OK, calm down, I tell myself firmly. I can do this. I can do it. And afterward, I'm going to reward myself with a little treat. The Daily Candy Web site e-mailed me this morning, and apparently this huge makeup emporium in SoHo called Sephora is running a special promotion today, until four. Every customer gets a goody bag—and if you spend fifty dollars, you get a free special engraved beauty box! I mean, how cool would that be?
About two seconds after the e-mail arrived, I got one from Jodie, the girl I met at the sample sale. I'd been telling her I was a bit nervous about meeting Luke's mother—and she said I should get a makeover for the occasion and Sephora was definitely the place, did I want to meet up? So that will be fun, at least . . .
There, you see, I feel better already, just thinking about it. OK, go girl. Go get 'em.
I force myself to push open the door, and suddenly I'm in a very smart restaurant, all black lacquer and white linen and colored fish swimming in tanks.
“Good afternoon,” says a maître
d' dressed entirely in black.
“Hello,” I say. “I'm here to meet—”
Shit, I've completely forgotten the names of the people I'm meeting.

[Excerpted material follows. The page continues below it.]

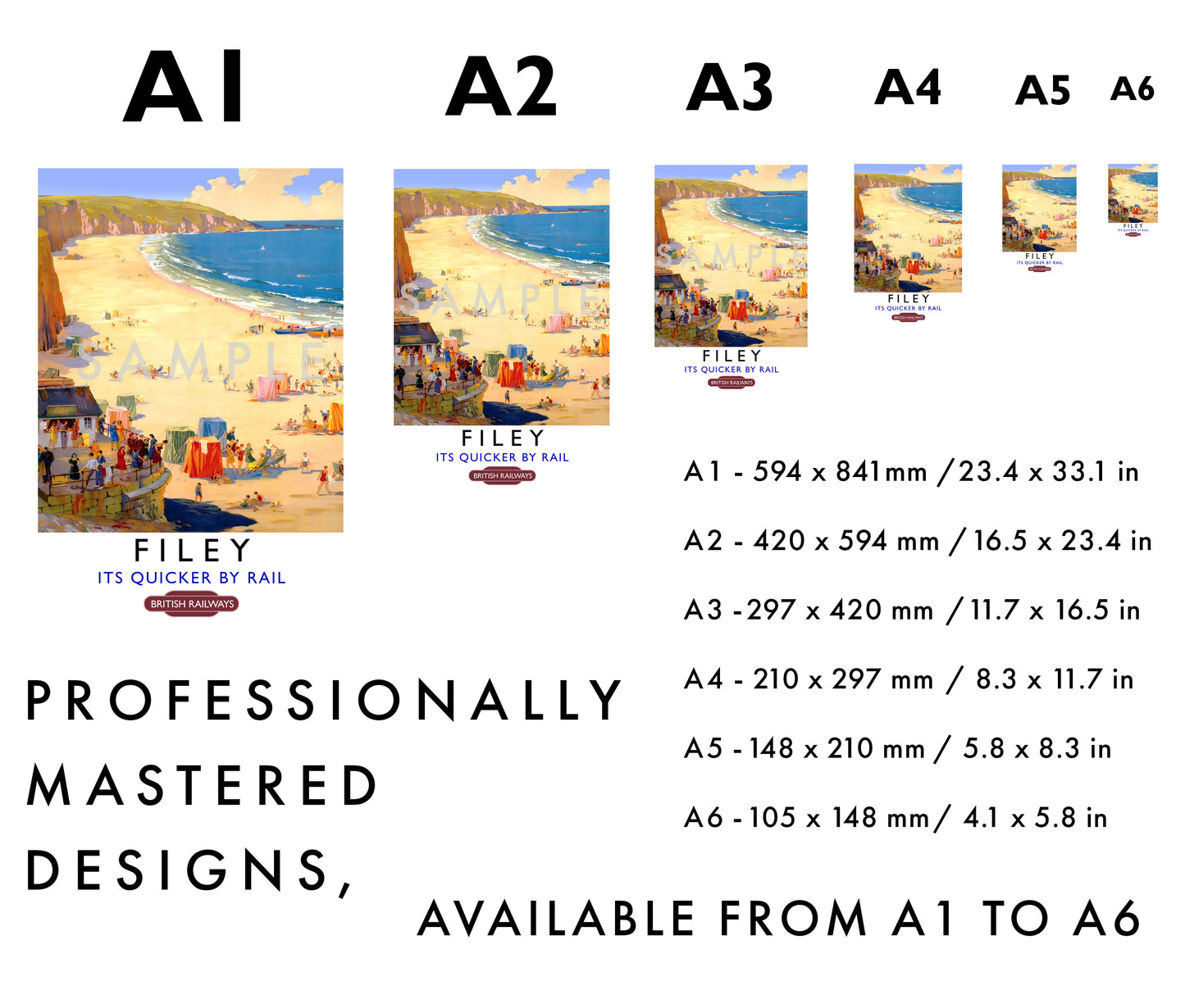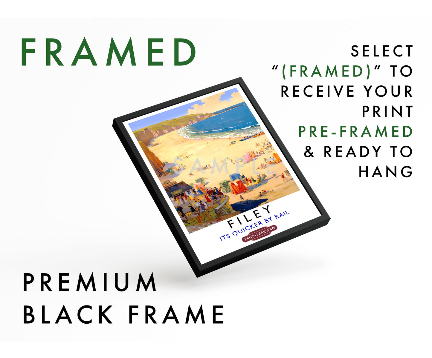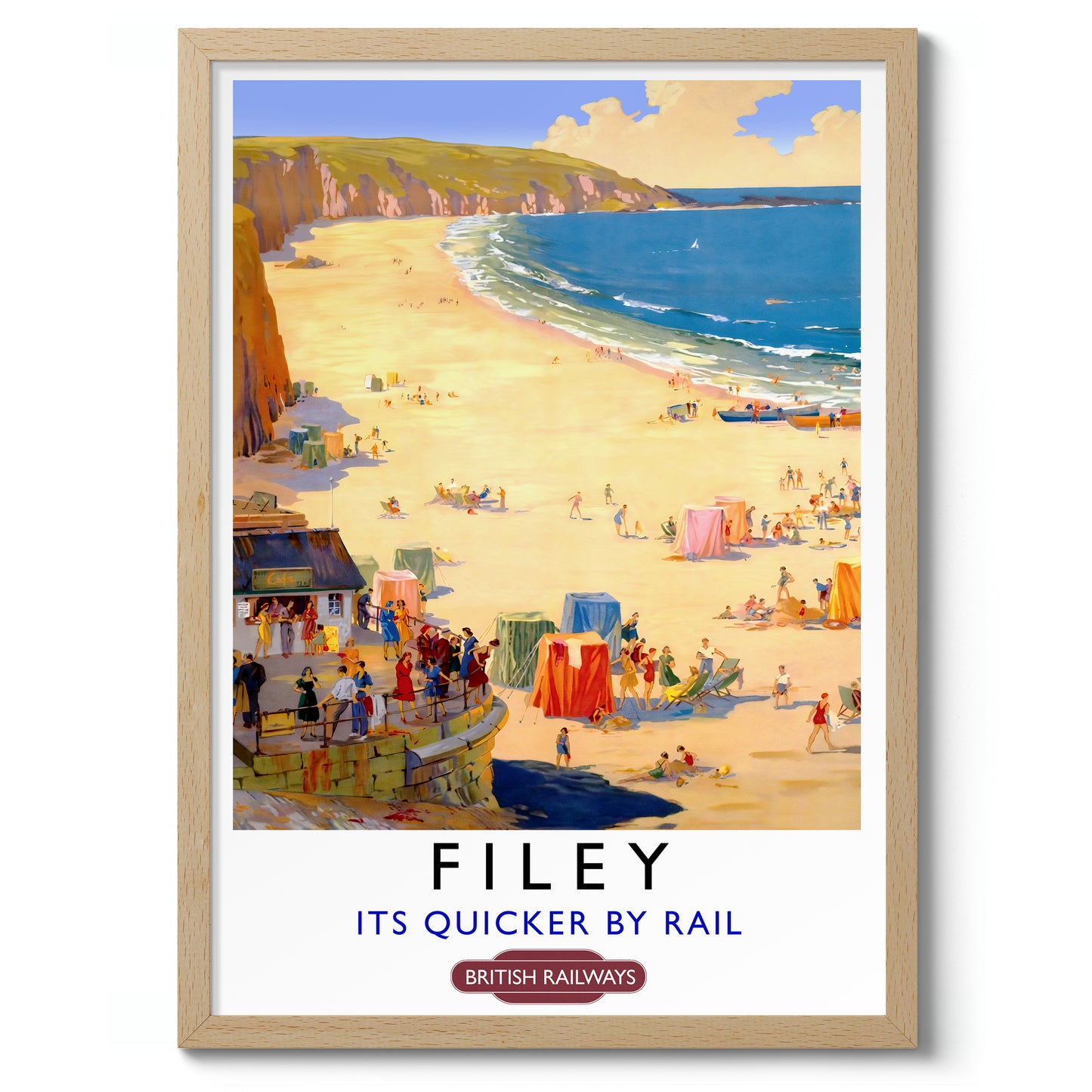 This vibrant vintage poster showcases Filey's picturesque beach, with soft golden sands gently meeting the blue sea. Beachgoers, colourful cabanas, and towering cliffs define the scene, capturing a quintessential summer day in Yorkshire, England. Below, the phrase "Its quicker by rail" emphasizes British Railways' convenient travel options. Ideal for adding a nostalgic touch to any space.

Oh, great start, Becky. This is really professional.
“Could you just . . . hang on?” I say, and turn away, flushing red. I scrabble in my bag for the piece of paper—and here we are. Judd Westbrook and Kent Garland.
Kent? Is that really a name?
“It's Rebecca Bloomwood,” I say to the maître d', hastily shoving the paper back in my bag, “meeting Judd Westbrook and Kent Garland of HLBC.”
He scans the list, then gives a frosty smile. “Ah yes. They're already here.”
Taking a deep breath, I follow him to the table—and there they are. A blond woman in a beige trouser suit and a chiseled-looking man in an equally immaculate black suit and sage-green tie. I fight the urge to run away, and advance with a confident smile, holding out my hand. They both look up at me, and for a moment neither says anything—and I feel a horrible conviction that I've already broken some vital rule of etiquette. I mean, you do shake hands in America, don't you? Are you supposed to kiss? Or bow?
But thankfully the blond woman is getting up and clasping my hand warmly.
“Becky!” she says. “So thrilled to meet you. I'm Kent Garland.”
“Judd Westbrook,” says the man, gazing at me with deep-set eyes. “We're very excited to meet you.”
“Me too!” I say. “And thank you so much for your lovely flowers!”
“Not at all,” says Judd, and ushers me into a chair. “It's a delight.”
“An enormous pleasure,” says Kent.
There's an expectant silence.
“Well, it's a . . . a fantastic pleasure for me, too,” I say hastily. “Absolutely . . . phenomenal.”
So far so good. If we just keep telling each other what a pleasure this is, I should do OK. Carefully I place my bag on the floor, along with my copies of the FT and the Wall Street Journal. I thought about the South China Morning Post, too, but decided that might be a bit much.